Sharma held a Ph.D. in Chemistry from London South Bank University, London. He was the first executive director of the Council for Technical Education and Vocational Training, Member Secretary in National Education Committee, Member of National Commission for UNESCO, and National Delegate to the SAARC Technical committee on science and technology. Sharma was a well-known educational administrator. He made significant contribution to the development of education policy in Nepal. He had a number of books, research papers, articles, secondary school curriculum textbook and many more to his credit.

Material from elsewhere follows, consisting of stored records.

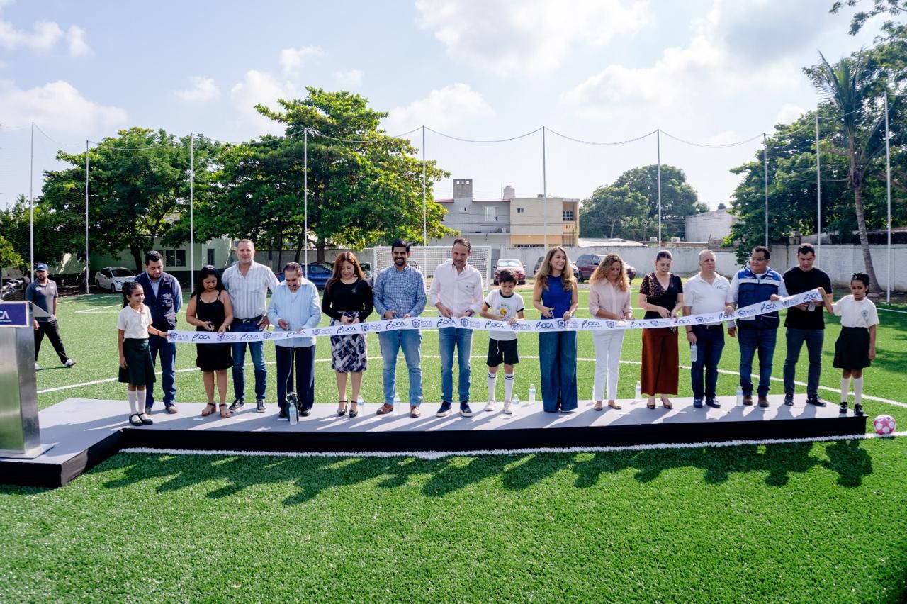 La nueva cancha cuenta con más de mil 800 metros cuadrados de pasto sintético tipo Tufting, resistente a temperaturas extremas, beneficiando directamente a más de 6 mil personas entre alumnos, docentes y padres de familia.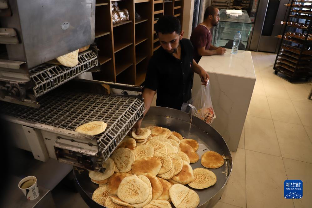 10月25日,在加沙地帶南部城市汗尤尼斯,工作人員在一家烘焙店內制作食品。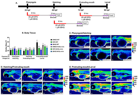 To identify tissues with proteins undergoing S-glutathionylation downstream of Nrf2a activation, we incubated zebrafish embryos with a biotinylated GSH molecule (BioGee). Zebrafish were also treated with 40 µM SFN or 1 µM tBHQ during the pharyngula, hatching, and protruding-mouth stages for 6 h. Unlike the embryos used for Nrf2a expression changes, embryos were then washed and maintained in clean water, and 24 h after exposures began, the embryos were evaluated for downstream impacts on protein-S-glutathionylation. Embryos were incubated in 100 µM BioGee for 2 h and then immediately fixed, and protein S-glutathionylation was labeled via IHC (Figure 5A). The mean fluorescence intensity of protein S-glutathionylation was increased in the body tissue (Figure 5B) in embryos in the protruding-mouth/larval stage by 150% and 207% in the control WT group compared with the embryos in the pharyngula/hatching and hatching/protruding-mouth stages, respectively. Only with exposure to Nrf2 activators during the protruding-mouth stage did SFN and tBHQ in the WT embryos decrease protein S-glutathionylation at the larval stage by 45% and 58%, respectively. The control Nrf2a m/m embryos at the larval stage had lower protein S-glutathionylation by 22% compared with the control WT embryos. tBHQ exposure during the protruding-mouth stage in the Nrf2a m/m embryos also had decreased protein S-glutathionylation by 26% compared with the control Nrf2a m/m embryos at the larval stage. Representative heatmaps showing differences in BioGee labeling in the embryos are shown in Figure 5C–E.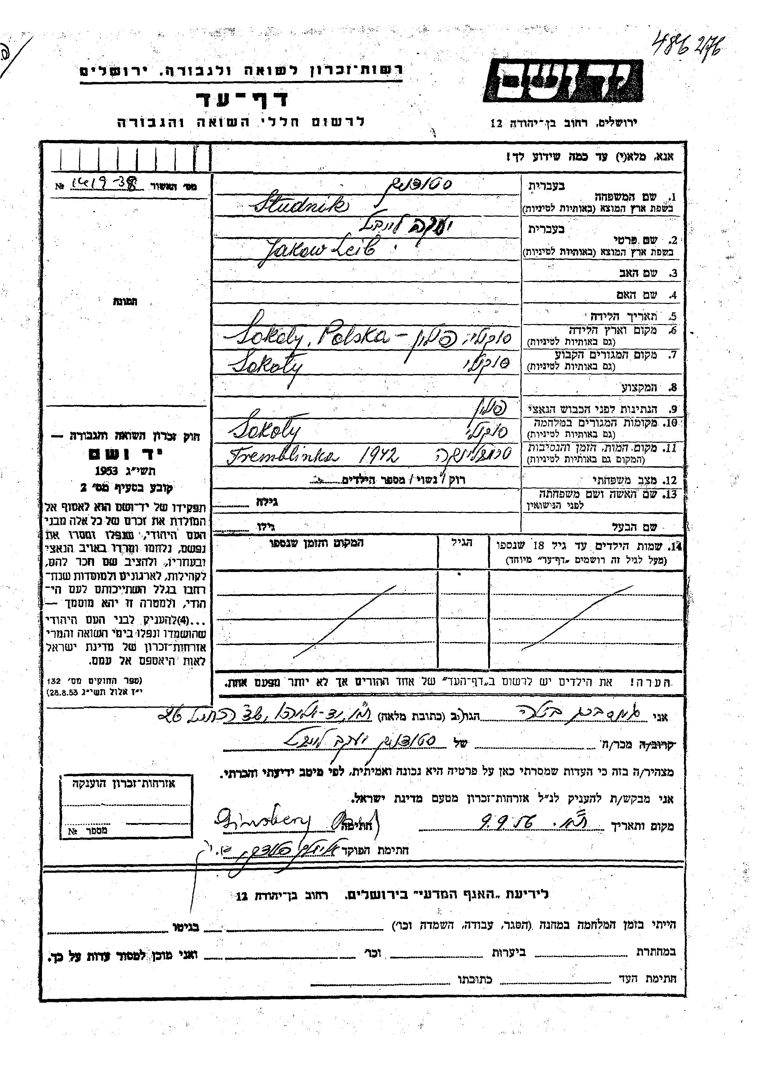 Studnik Jakow Leibel Sokoly, Pologne Feuille de témoignage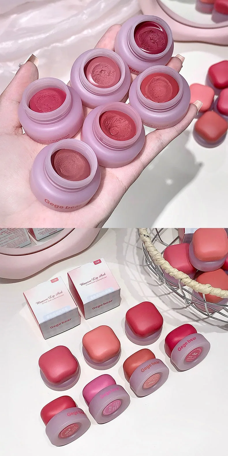 Matte Velvet Mist Cheek Lip Mud Natural Nude Multi-purpose Blush Orange Brown Solid Lip Gloss Tint Lasting Shading Korean Makeup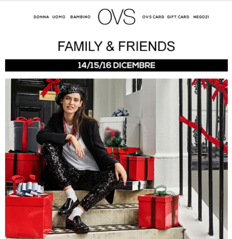 Come per le precedenti edizioni, anche questa volta l'offerta Family & Friends OVS dura solo 72 ore. Tre giorni ti tempo per risparmiare su tutti i tuoi acquisti. Con il Buono Family & Friends potrai risparmiare il 30% su tutti gli articoli delle Collezioni Uomo Donna e Accessori, e il 20% su tutti i capi della Collezione Bambini e sugli articoli del reparto profumeria.

He was a lifelong member of the board of trustees of Kathmandu University.

== Early life and education ==
Sharma was born in Khurkot village, Sindhuli District on 22 July 1940, to Bishnu Prasad Upadhyaya and Savitri Devi Dhungel. Bishnu Prasad Upadhyaya was a lawyer who, although born a Dhungel, chose to write Upadhyaya as his surname. Savitri Devi Dhungel was the sister of two brothers, the famous writer Kul Chandra Koirala and songwriter Divya Dev Koirala.

He initially received education at home before setting out to study in Sonbarsa, India, in 1953, where he studied for nine months. In 2013 B.S. he passed his School Leaving Certificate examinations from Saraswati High School, Janakpur. After completing his I.Sc. and B.Sc. both from Public Science Campus (currently Amrit Science College) in the span of five years, Sharma went to study in Karnatak University, India under the Colombo Plan Scholarship. Sharma then received his Ph.D. in Chemistry from the Polytechnic of the South Bank, London, in 1977 (now London South Bank University).

== Career ==
Even before heading out to London for his Ph.D., Sharma had gained experience in academic and administrative areas. Sharma worked for twelve years as a professor in Tribhuvan University during which he also taught in Tri-Chandra College, Anandakuti College, Padma Kanya College and Nepal National College (currently Shankar Dev Campus). From 1989 to 1992, he worked as first executive director of the Council for Technical Education and Vocational Training, which was conceptualized by himself. In the year 1991, he along with Sitaram Adhikary, Bhadra Man Tuladhar, and others successfully managed to charter Kathmandu University from Parliament. A month later, he was appointed the first-ever vice chancellor of the University.

In 2014 he was awarded an honorary doctorate by the Norwegian University of Science and Technology.

== Death ==
Sharma died on 23 September 2026, at the age of 86, while undergoing treatment at HAMS hospital in Kathmandu. He was given a state funeral and was cremated the next day.